##### Source information
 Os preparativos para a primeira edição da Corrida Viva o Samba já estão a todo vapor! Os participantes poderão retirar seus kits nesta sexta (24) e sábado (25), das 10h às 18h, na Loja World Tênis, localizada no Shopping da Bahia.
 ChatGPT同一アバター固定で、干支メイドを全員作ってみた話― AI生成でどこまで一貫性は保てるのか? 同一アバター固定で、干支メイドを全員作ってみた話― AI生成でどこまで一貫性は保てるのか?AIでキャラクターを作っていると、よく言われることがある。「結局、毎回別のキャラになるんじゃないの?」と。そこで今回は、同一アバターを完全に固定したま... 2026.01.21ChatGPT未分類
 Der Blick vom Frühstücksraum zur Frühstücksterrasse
##########
##### Source information
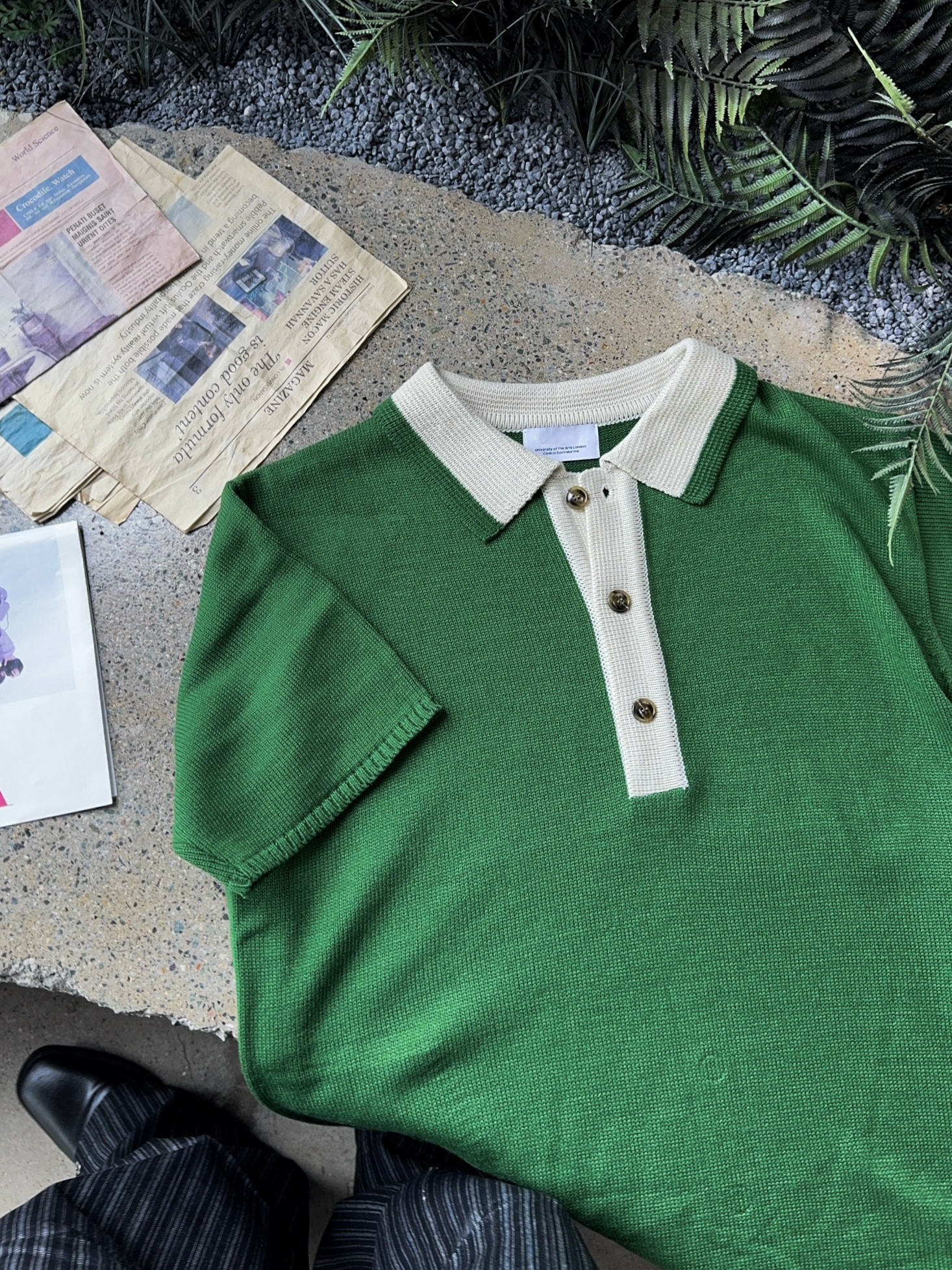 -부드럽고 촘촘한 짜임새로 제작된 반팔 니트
##########
Task to complete — In the material above, transcribe exactly the lines beginning at the one with "Os preparativos para" and ending at the one with "Der Blick vom", both included.

The answer —
 Os preparativos para a primeira edição da Corrida Viva o Samba já estão a todo vapor! Os participantes poderão retirar seus kits nesta sexta (24) e sábado (25), das 10h às 18h, na Loja World Tênis, localizada no Shopping da Bahia.
 ChatGPT同一アバター固定で、干支メイドを全員作ってみた話― AI生成でどこまで一貫性は保てるのか? 同一アバター固定で、干支メイドを全員作ってみた話― AI生成でどこまで一貫性は保てるのか?AIでキャラクターを作っていると、よく言われることがある。「結局、毎回別のキャラになるんじゃないの?」と。そこで今回は、同一アバターを完全に固定したま... 2026.01.21ChatGPT未分類
 Der Blick vom Frühstücksraum zur Frühstücksterrasse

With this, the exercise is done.